Washington, DC–Today, the U.S. Food and Drug Administration authorized emergency use of the Moderna COVID-19 Vaccine and the Pfizer-BioNTech COVID-19 Vaccine for the prevention of COVID-19 to include use in children down to 6 months of age.
- For the Moderna COVID-19 Vaccine, the FDA amended the emergency use authorization (EUA) to include use of the vaccine in individuals 6 months through 17 years of age. The vaccine had been authorized for use in adults 18 years of age and older.
- For the Pfizer-BioNTech COVID-19 Vaccine, the FDA amended the EUA to include use of the vaccine in individuals 6 months through 4 years of age. The vaccine had been authorized for use in individuals 5 years of age and older.
- The FDA’s evaluation and analysis of the safety, effectiveness and manufacturing data of these vaccines was rigorous and comprehensive, supporting the EUAs.
- The agency determined that the known and potential benefits of the Moderna and Pfizer-BioNTech COVID-19 vaccines outweigh the known and potential risks in the pediatric populations authorized for use for each vaccine.
- Prior to making the decision to authorize these vaccines for the respective pediatric populations, the FDA’s independent Vaccines and Related Biological Products Advisory Committee was consulted and voted in support of the authorizations.
The Moderna COVID-19 Vaccine is administered as a primary series of two doses, one month apart, to individuals 6 months through 17 years of age.

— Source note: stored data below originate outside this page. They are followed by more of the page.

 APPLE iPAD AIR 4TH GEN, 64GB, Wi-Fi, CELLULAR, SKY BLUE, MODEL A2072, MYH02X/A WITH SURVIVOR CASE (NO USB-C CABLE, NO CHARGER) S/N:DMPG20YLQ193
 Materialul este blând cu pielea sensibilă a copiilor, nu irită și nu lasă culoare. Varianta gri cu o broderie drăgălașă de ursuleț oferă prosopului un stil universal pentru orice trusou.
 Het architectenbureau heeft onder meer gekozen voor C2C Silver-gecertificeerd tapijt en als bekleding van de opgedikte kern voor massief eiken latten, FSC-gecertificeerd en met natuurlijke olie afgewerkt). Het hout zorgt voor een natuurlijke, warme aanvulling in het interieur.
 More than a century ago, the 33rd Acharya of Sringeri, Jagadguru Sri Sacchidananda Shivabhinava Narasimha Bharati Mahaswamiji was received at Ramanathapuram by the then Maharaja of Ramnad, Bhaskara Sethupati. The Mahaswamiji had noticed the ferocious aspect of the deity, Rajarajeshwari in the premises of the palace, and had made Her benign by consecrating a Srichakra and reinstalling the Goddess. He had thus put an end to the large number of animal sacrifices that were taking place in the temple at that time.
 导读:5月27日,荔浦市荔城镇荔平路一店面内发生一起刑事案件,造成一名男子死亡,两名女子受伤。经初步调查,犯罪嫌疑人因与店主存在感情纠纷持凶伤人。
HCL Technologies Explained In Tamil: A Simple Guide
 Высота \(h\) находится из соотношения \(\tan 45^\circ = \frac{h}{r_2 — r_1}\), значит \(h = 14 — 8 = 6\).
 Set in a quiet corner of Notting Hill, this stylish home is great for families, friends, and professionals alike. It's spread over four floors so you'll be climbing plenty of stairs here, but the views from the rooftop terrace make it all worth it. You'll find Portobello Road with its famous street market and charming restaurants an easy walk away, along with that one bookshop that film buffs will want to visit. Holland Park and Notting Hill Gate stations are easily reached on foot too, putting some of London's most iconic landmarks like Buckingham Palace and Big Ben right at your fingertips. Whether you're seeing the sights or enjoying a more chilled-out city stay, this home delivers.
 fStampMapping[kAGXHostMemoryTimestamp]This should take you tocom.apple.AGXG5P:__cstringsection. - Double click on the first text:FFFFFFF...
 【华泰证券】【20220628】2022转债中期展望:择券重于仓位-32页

The vaccine is also authorized to provide a third primary series dose at least one month following the second dose for individuals in this age group who have been determined to have certain kinds of immunocompromise.
The Pfizer-BioNTech COVID-19 Vaccine is administered as a primary series of three doses in which the initial two doses are administered three weeks apart followed by a third dose administered at least eight weeks after the second dose in individuals 6 months through 4 years of age.